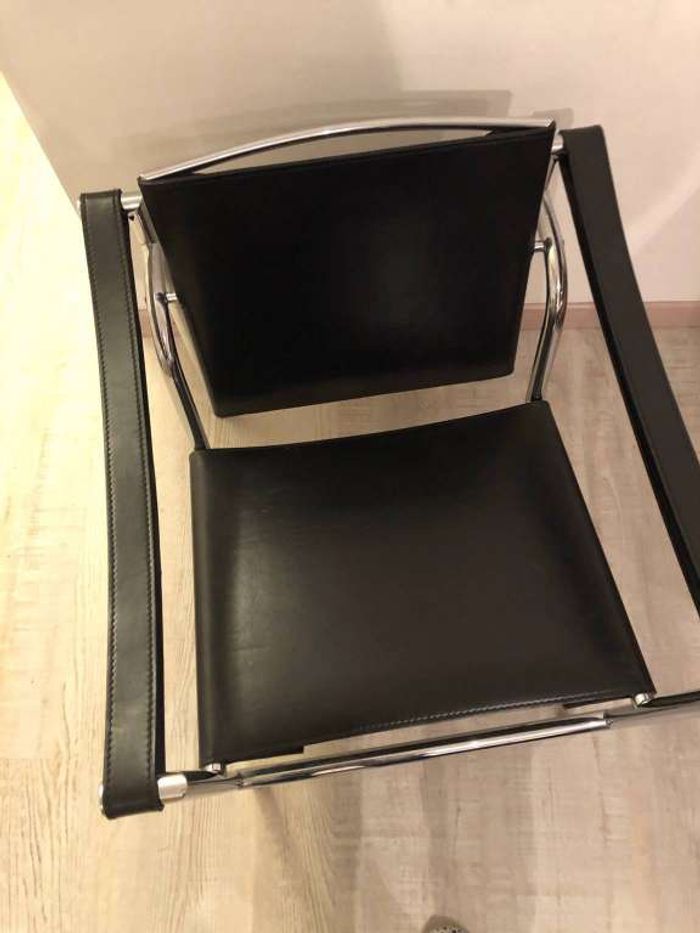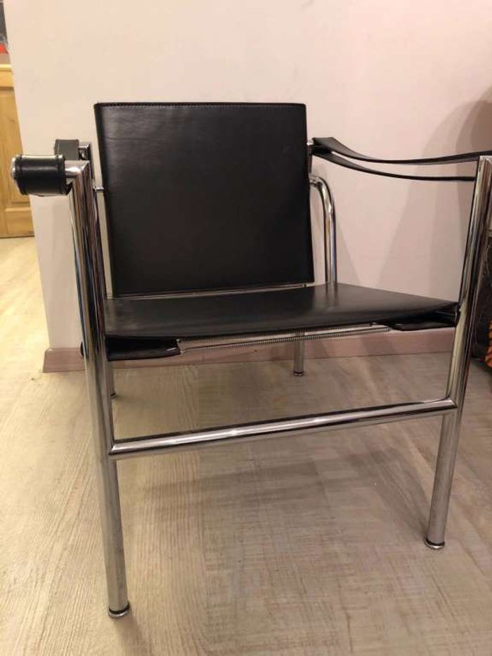 Paire de fauteuils LC1. Cadre tubulaire chromé et cuir noir d’origine. - photo numéro 5
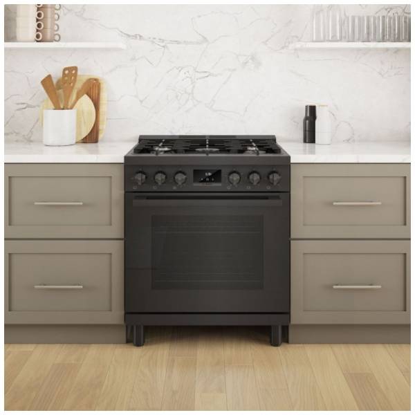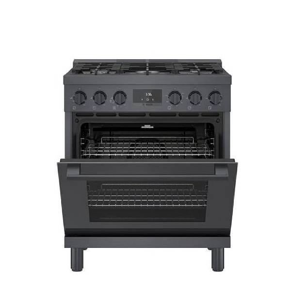 Bosch 800 Series HGS8045UC Gas Range, featuring a sleek and sophisticated 30-inch exterior width, offers top-tier performance with convection cooking, 5 burners, and a spacious 3.7 cu. ft. oven capacity. Its bold Black Stainless Steel finish elevates any kitchen space with modern elegance.
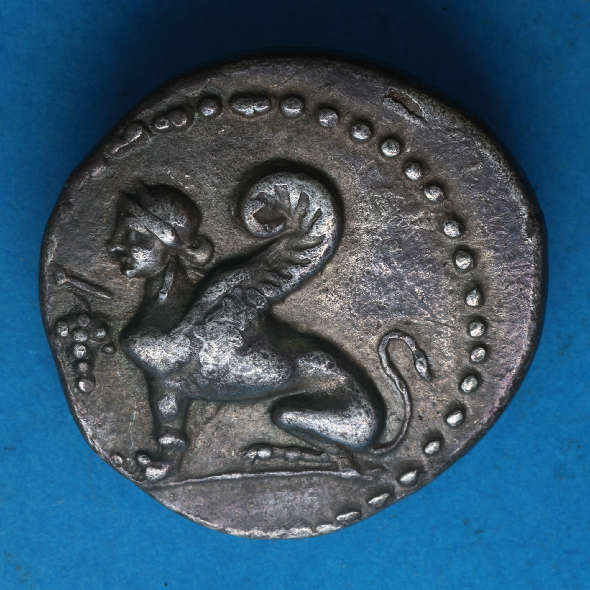 Sphinx seated left / Amphora, caduceus to left
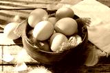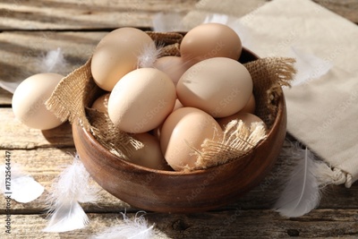 Raw chicken eggs in bowl and feathers on wooden table, closeup
============================================================
- _EXERCISE INSTRUCTIONS_:
Drop the pictures and give every line above again exactly.

- _EXERCISE RESPONSE_:
 Paire de fauteuils LC1. Cadre tubulaire chromé et cuir noir d’origine. - photo numéro 5
 Bosch 800 Series HGS8045UC Gas Range, featuring a sleek and sophisticated 30-inch exterior width, offers top-tier performance with convection cooking, 5 burners, and a spacious 3.7 cu. ft. oven capacity. Its bold Black Stainless Steel finish elevates any kitchen space with modern elegance.
 Sphinx seated left / Amphora, caduceus to left
 Raw chicken eggs in bowl and feathers on wooden table, closeup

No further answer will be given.